Kerala Covid graph still a success with lowest mortality rate: Muliyil

Kerala Covid graph still a success with lowest mortality rate: Muliyil.

On July 28, Kerala recorded 22,056 new Covid-19 cases and 131 deaths, prompting another round of debate about the exponential increase in cases in the state, while the rest of the country is seeing a setback from the second.

With Kerala contributing to 50 percent of the country’s total cases, a political blame game has erupted on social media over the state’s containment strategies, which were touted as a model even by global agencies during the first wave of the pandemic.

Does the upward trajectory of the virus in Kerala indicate that the state needs to review its strategy? Epidemiologists say the state is on track to achieve a low death rate and the increase in cases should not be a cause for concern, as it has a robust medical system to handle the demands. The state has seen an increase of 91,617 new cases between July 10 and July 19, with a test positivity rate hovering around 11 percent.

Lead epidemiologist Jayaprakash Muliyil says Kerala remains a success story, having managed to keep the death rate well below the national average of 1.32 percent. “The main objective of any epidemic control is the reduction of mortality and Kerala has been successful in that. Kerala took a conservative approach and tried to round the curve as much as possible. As a consequence, two things have happened. The epidemic is prolonged and mortality is very low, ”says Muliyil, president of the Scientific Advisory Committee of the National Institute of Epidemiology.

With a strong public health system in place, the state is equipped to address a large number of cases, he says. “Kerala is doing everything in a logical and scientific way. They have enough hospital beds and oxygen. The system must not be tampered with. The hype about the numbers is just someone’s fantasy to count viruses, ”he says.

He also notes that one of the main reasons behind the increase in numbers could be the large population that is not yet exposed to the virus. Vaccination of the peak population is the way to go, he adds.

The latest seroprevalence survey released by the Indian Council for Medical Research (ICMR) explains the rise well, says Dr. TS Anish, a member of the state Covid-19 expert committee. The fourth round of the national serosurvey, which was released on Wednesday, found that seropositivity or the presence of antibodies was the lowest in Kerala at 44.4 percent.

“The Sero survey tells us that Kerala still has a large population that is not exposed to the virus. While Kerala has more than 50 percent of its population still susceptible to the new coronavirus, it is around 30 percent in the rest of the country. That explains the increase in Covid-19 cases in the state, ”says Dr. Anish.

Experts also note that Kerala has been an outlier during the first wave and second wave of the pandemic with a lagged peak compared to other states. Kerala’s peak in the second wave occurred in mid-May, a month later than other states.

The reason for the slow spread of the virus is that the state has adopted the strategy of delaying the infection through strict containment measures, says the expert. He points out that, compared to the national average, Kerala has managed to prevent at least 20 percent of infections during the peak of the second wave.

“This has helped us increase medical facilities and prepare with more ventilators, oxygen beds, and other infrastructure,” says Dr. Anish. He adds that by slowing the curve, the state was able to vaccinate more people during the second wave.

“From May to July we have vaccinated a large number of people, which helped us reduce the mortality rate,” he says. Unlike Delhi or other states, Kerala did not report a single death due to oxygen shortages or lack of medical facilities due to efficient surveillance strategies, he says.

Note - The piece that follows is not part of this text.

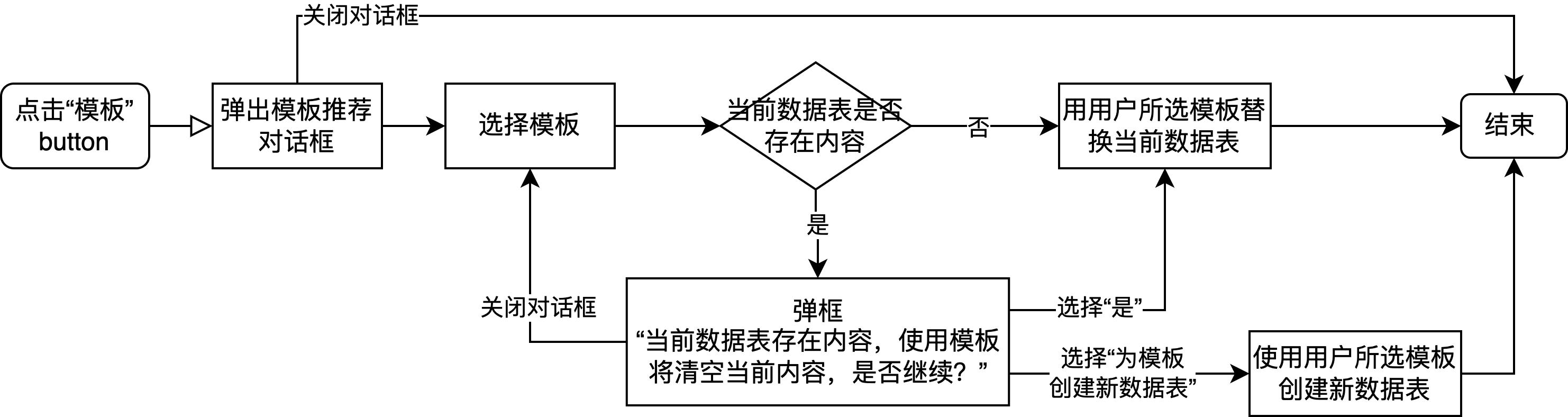 模板的推荐和引导界面仅在新建多维表格和数据表后出现,整个操作页面没有跳转到“使用模板”功能的入口,对于选择了新建空白数据表但又发现界面和功能陌生产生使用模板需求的用户来说,需要重新新建一个多维表格以使用模板,用户后悔成本过高,建议在标题栏或者侧边栏新增“模板库”button,功能流程如下图:

The issue also took on a political tone after many BJP leaders took to social media to criticize the Kerala government’s recent Covid relaxations during the Bakrid festival. The government eased Covid restrictions for three days before the festival, prompting strong criticism from the Supreme Court.

However, Dr. A Althaf, coordinator of the Kerala IMA epidemic control cell, says that the increase in cases has no direct relationship with the relaxation of Covid regulations. He says the upward trend was the result of the increase in the number of tests after Bakrid. “After Bakrid, three lakhs were tested continuously for two days to check for spread,” he says, adding that Kerala tests 1.5 lakhs daily.

Experts also attribute the highest numbers to efficient case detection. Even though the highly transmissible Delta variant dominates infections in the state, it is well equipped to detect cases, including new variants, says Dr. Anish.

“We have detected more than three million cases, which represents about 10 percent of the total population. If you look at national data, so far only 2.5 percent of the total population has been reported. That will create the impression that Kerala has more Covid cases in India, ”he says.

Kerala is also leading in testing, experts say. It has performed more than twice as many tests per million as the national average, according to the data.

“Case detection in Kerala is higher in terms of per million inhabitants. Most other states have a large number of undetected cases. In some areas, the unknown cases are 40 times more than the known cases, ”says Muliyil. Target testing is the most cost-effective use of testing infrastructure, a strategy currently adopted by the Kerala government, it adds.